Laure entre alors en contact avec l’association Phytovictimes(Nouvelle fenêtre), découverte au gré de ses recherches sur internet. Cette association, qui vient en aide aux personnes atteintes de maladies liées aux pesticides, lui conseille de saisir le Fonds d’indemnisation des victimes de pesticides (FIVP), créé en 2020 par la loi de financement de la sécurité sociale, pour que soit reconnu le lien entre la maladie d’Emmy et son exposition prénatale aux pesticides. En février 2022, après avoir rassemblé toutes les pièces nécessaires, Laure dépose le dossier auprès du Fonds, alors que l’état de santé de la petite fille décline considérablement. Emmy est hospitalisée en détresse respiratoire. Elle décède le 12 mars 2022, à l’âge de 11 ans.

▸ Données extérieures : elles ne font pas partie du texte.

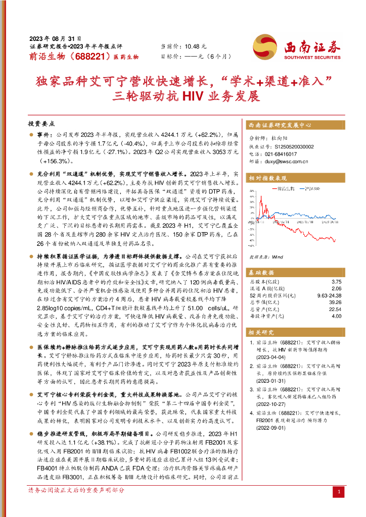 西南证券:前沿生物(688221)-独家品种艾可宁营收快速增长,“学术+渠道+准入”三轮驱动抗HIV业务发展.pdf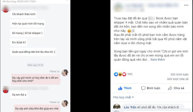 “Hôm ấy chẳng hiểu sao mình đặt đồ trên một tiệm với giá đắt lại đông người. Bạn shipper đến nơi liền hài hước thông báo: “Chị khách thân kính. Hiện tại quán có hơn 60 mạng (bé shipper). Em là bé thứ 61, quán quá đông nên hơi lâu nhé chị”. Sau đó, 45 phút sau bạn ấy mới cầm được hàng trên tay và mình cũng phải trải qua từng ấy thời gian nằm vật vì đói chóng mặt”, Lục Nguyệt kể.

En juillet 2023, un responsable du Fonds téléphone à Laure pour lui annoncer que la commission chargée d’examiner le dossier d’Emmy, composée de chercheurs et de médecins, a rendu sa décision. "Il m’a dit qu’ils avaient reconnu à l’unanimité le lien de causalité entre le décès d’Emmy et mon métier de fleuriste. Ce jour-là, la culpabilité a été énorme. Je me suis dit : comment j’ai pu être aussi naïve ! C’est moi qui ai empoisonné ma fille. Cette enfant que je désirais tant, j’ai occasionné sa perte. J’ai explosé de colère. J’ai dit au médecin : ’Mais c’est un empoisonnement ! Vous vous rendez compte de ce qu’on laisse faire !’ Et il m’a répondu : ‘Je ne peux pas vous dire le contraire’."

Plus de risques pour les fleuristes que les agriculteurs (...)

Un défaut de réglementation en Europe

Contrairement aux fruits et légumes, il n’existe pas pour les fleurs de réglementation européenne permettant de fixer des limites maximales de résidus. Ni d’ailleurs de contrôle de ces résidus, notamment dans les fleurs importées, qui peuvent pourtant contenir des pesticides interdits d’usage en Europe, et ce, en grande quantité. (...)

Un risque avéré pour les travailleurs, mais aucune réglementation pour les protéger. (...)

Interpeller les responsables politiques

Un tabou qui doit cesser, pour Laure Marivain : "C’est simple. Tout le monde sait, mais personne ne fait rien. Et pendant ce temps, il y a des familles qui prennent perpète. Car personne ne nous rendra jamais notre fille. Moi je ne travaille plus au contact des fleurs, mais je suis toujours en lien avec les artisans. Je ne veux surtout pas les pointer du doigt, mais au contraire les protéger".

Avec son mari, Laure a saisi la cour d’appel de Rennes, pour contester la proposition d’indemnisation du FIVP. Car selon l’avocat de la famille, Me François Lafforgue, "le Fonds a retenu le lien entre le décès d’Emmy et sa mère, mais son offre d’indemnisation est limitée aux parents. Cette enfant a souffert considérablement, mais il y a une négation de son préjudice, parce qu’elle est décédée". L’association Phytovictimes appelle elle à manifester devant le tribunal mercredi 9 octobre 2024 "pour soutenir la famille dans son combat", et pour "interpeller les responsables politiques et le grand public sur cette problématique largement ignorée".